EXERCISE INSTRUCTIONS: Copy each record below faithfully, leaving out images.
· · ·
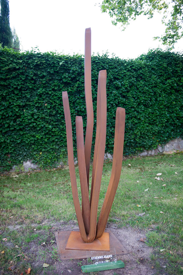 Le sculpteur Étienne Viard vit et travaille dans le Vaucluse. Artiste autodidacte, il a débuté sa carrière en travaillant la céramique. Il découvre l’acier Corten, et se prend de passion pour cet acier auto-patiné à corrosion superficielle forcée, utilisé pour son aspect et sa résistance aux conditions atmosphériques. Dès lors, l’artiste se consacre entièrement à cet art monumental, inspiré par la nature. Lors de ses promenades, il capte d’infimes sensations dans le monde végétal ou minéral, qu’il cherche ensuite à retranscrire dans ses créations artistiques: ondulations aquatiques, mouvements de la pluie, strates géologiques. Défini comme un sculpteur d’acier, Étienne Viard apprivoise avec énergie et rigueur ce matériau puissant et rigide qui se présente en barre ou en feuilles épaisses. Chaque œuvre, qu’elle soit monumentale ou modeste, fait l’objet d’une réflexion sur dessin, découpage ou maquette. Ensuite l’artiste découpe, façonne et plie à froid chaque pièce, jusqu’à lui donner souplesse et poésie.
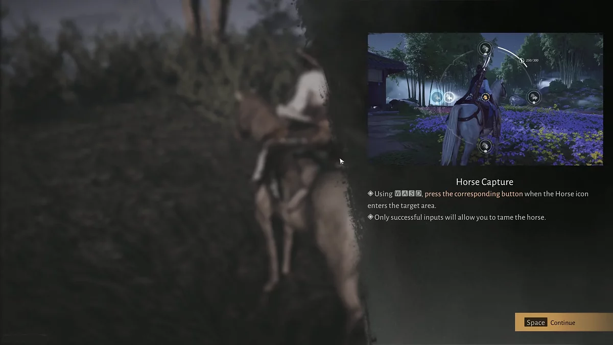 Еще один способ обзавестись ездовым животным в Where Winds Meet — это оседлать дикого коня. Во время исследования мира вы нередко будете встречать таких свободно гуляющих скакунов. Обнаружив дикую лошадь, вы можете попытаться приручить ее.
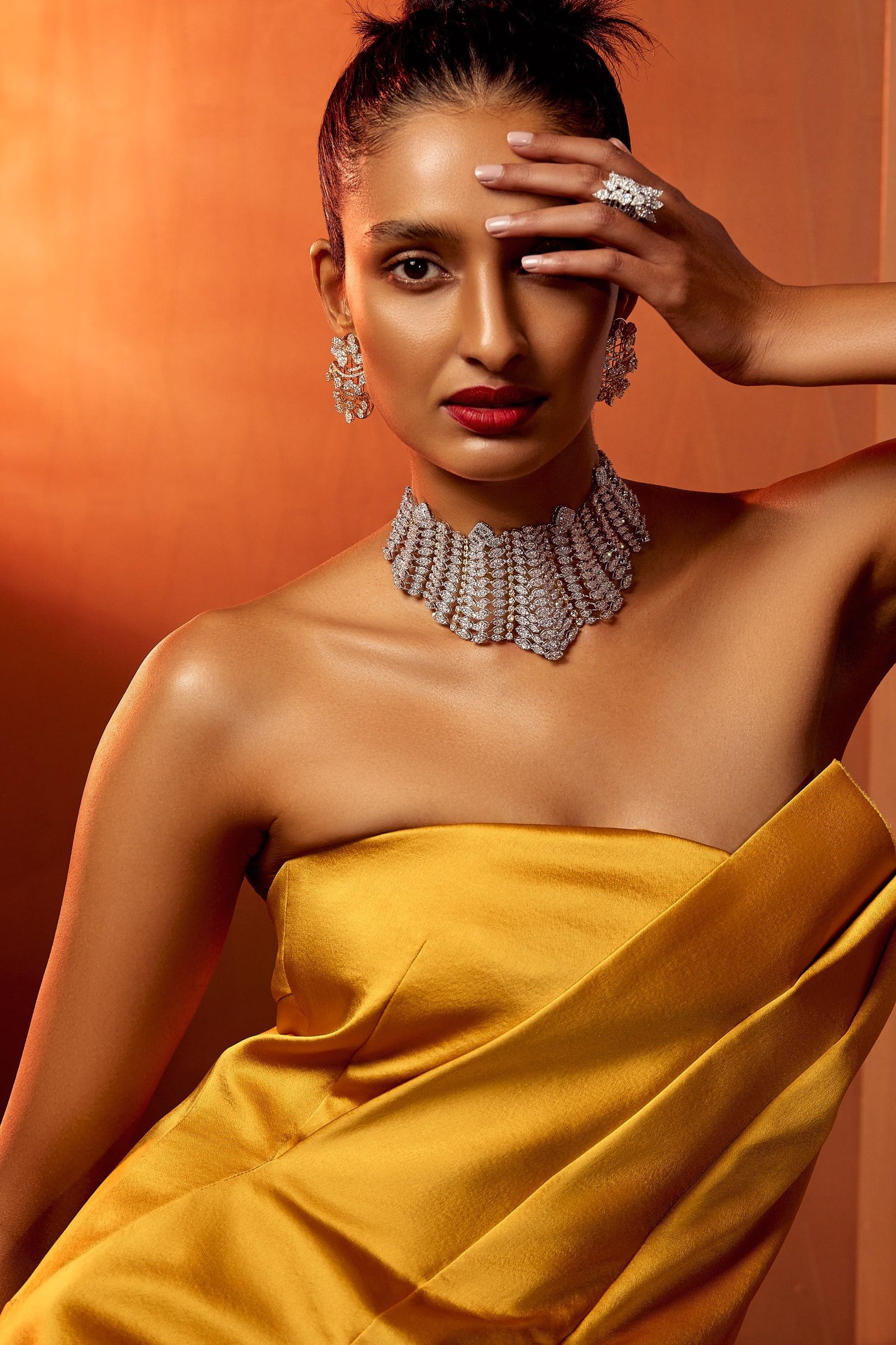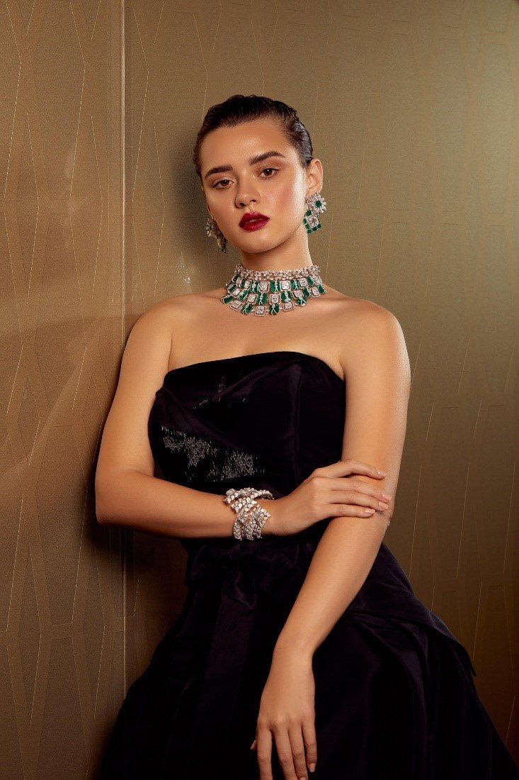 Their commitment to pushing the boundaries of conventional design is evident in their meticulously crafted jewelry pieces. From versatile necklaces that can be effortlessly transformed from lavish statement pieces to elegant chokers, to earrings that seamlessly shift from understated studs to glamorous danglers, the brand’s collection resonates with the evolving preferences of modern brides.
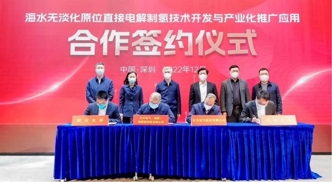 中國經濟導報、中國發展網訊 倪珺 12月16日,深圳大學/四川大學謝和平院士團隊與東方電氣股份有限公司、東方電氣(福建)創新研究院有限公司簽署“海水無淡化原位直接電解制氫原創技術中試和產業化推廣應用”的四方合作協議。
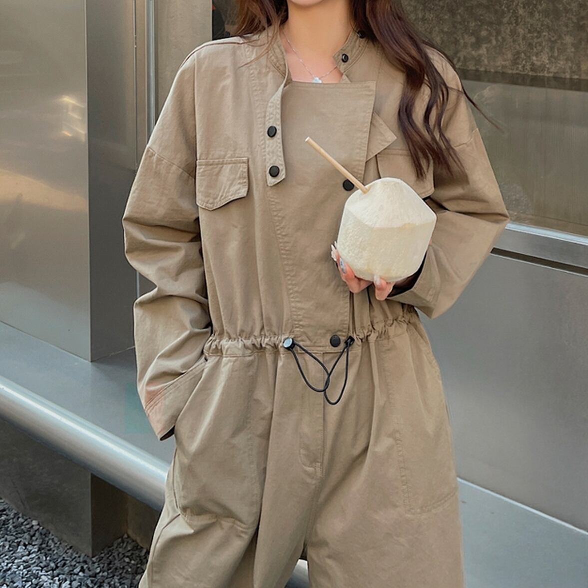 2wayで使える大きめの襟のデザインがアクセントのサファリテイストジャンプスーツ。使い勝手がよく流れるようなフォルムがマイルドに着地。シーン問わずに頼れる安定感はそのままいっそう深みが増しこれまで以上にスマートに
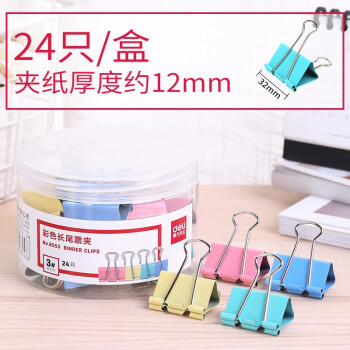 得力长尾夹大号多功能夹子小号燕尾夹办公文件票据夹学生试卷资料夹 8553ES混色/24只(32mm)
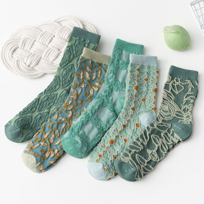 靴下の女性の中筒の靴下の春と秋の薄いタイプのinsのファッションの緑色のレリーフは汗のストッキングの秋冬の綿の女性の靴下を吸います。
· · ·
REPLY TO THE TASK:
 Le sculpteur Étienne Viard vit et travaille dans le Vaucluse. Artiste autodidacte, il a débuté sa carrière en travaillant la céramique. Il découvre l’acier Corten, et se prend de passion pour cet acier auto-patiné à corrosion superficielle forcée, utilisé pour son aspect et sa résistance aux conditions atmosphériques. Dès lors, l’artiste se consacre entièrement à cet art monumental, inspiré par la nature. Lors de ses promenades, il capte d’infimes sensations dans le monde végétal ou minéral, qu’il cherche ensuite à retranscrire dans ses créations artistiques: ondulations aquatiques, mouvements de la pluie, strates géologiques. Défini comme un sculpteur d’acier, Étienne Viard apprivoise avec énergie et rigueur ce matériau puissant et rigide qui se présente en barre ou en feuilles épaisses. Chaque œuvre, qu’elle soit monumentale ou modeste, fait l’objet d’une réflexion sur dessin, découpage ou maquette. Ensuite l’artiste découpe, façonne et plie à froid chaque pièce, jusqu’à lui donner souplesse et poésie.
 Еще один способ обзавестись ездовым животным в Where Winds Meet — это оседлать дикого коня. Во время исследования мира вы нередко будете встречать таких свободно гуляющих скакунов. Обнаружив дикую лошадь, вы можете попытаться приручить ее.
 Their commitment to pushing the boundaries of conventional design is evident in their meticulously crafted jewelry pieces. From versatile necklaces that can be effortlessly transformed from lavish statement pieces to elegant chokers, to earrings that seamlessly shift from understated studs to glamorous danglers, the brand’s collection resonates with the evolving preferences of modern brides.
 中國經濟導報、中國發展網訊 倪珺 12月16日,深圳大學/四川大學謝和平院士團隊與東方電氣股份有限公司、東方電氣(福建)創新研究院有限公司簽署“海水無淡化原位直接電解制氫原創技術中試和產業化推廣應用”的四方合作協議。
 2wayで使える大きめの襟のデザインがアクセントのサファリテイストジャンプスーツ。使い勝手がよく流れるようなフォルムがマイルドに着地。シーン問わずに頼れる安定感はそのままいっそう深みが増しこれまで以上にスマートに
 得力长尾夹大号多功能夹子小号燕尾夹办公文件票据夹学生试卷资料夹 8553ES混色/24只(32mm)
 靴下の女性の中筒の靴下の春と秋の薄いタイプのinsのファッションの緑色のレリーフは汗のストッキングの秋冬の綿の女性の靴下を吸います。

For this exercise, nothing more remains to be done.